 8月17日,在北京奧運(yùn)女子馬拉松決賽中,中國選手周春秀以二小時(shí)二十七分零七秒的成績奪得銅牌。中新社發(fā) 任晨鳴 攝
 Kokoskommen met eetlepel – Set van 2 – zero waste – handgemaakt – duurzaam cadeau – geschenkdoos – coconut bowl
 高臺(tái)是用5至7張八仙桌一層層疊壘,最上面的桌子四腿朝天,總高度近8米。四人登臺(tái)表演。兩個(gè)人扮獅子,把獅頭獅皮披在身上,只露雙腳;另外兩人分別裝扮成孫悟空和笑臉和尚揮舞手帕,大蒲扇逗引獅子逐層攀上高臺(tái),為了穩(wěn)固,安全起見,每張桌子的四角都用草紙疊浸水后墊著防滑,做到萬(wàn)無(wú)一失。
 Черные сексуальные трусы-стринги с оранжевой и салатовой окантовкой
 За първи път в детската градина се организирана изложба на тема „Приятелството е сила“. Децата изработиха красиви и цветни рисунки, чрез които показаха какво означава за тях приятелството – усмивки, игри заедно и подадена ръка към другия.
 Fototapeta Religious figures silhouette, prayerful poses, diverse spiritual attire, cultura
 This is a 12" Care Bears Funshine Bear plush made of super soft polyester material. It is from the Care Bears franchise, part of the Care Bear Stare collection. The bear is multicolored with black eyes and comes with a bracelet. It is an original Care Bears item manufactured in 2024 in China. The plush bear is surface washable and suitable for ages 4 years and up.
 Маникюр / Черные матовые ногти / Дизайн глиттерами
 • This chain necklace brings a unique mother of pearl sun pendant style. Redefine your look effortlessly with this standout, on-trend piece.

--

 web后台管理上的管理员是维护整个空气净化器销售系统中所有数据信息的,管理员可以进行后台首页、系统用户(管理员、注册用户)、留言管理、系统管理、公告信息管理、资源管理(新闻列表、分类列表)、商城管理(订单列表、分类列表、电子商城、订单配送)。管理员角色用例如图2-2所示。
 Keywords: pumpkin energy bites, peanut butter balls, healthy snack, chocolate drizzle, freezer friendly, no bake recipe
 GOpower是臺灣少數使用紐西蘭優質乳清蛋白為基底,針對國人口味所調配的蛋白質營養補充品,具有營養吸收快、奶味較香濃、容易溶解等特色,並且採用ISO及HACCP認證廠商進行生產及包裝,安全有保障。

» **Task instructions**
Looking at the records above, how many lines contain "Черные"? Answer with the number alone.

» **Response box**
2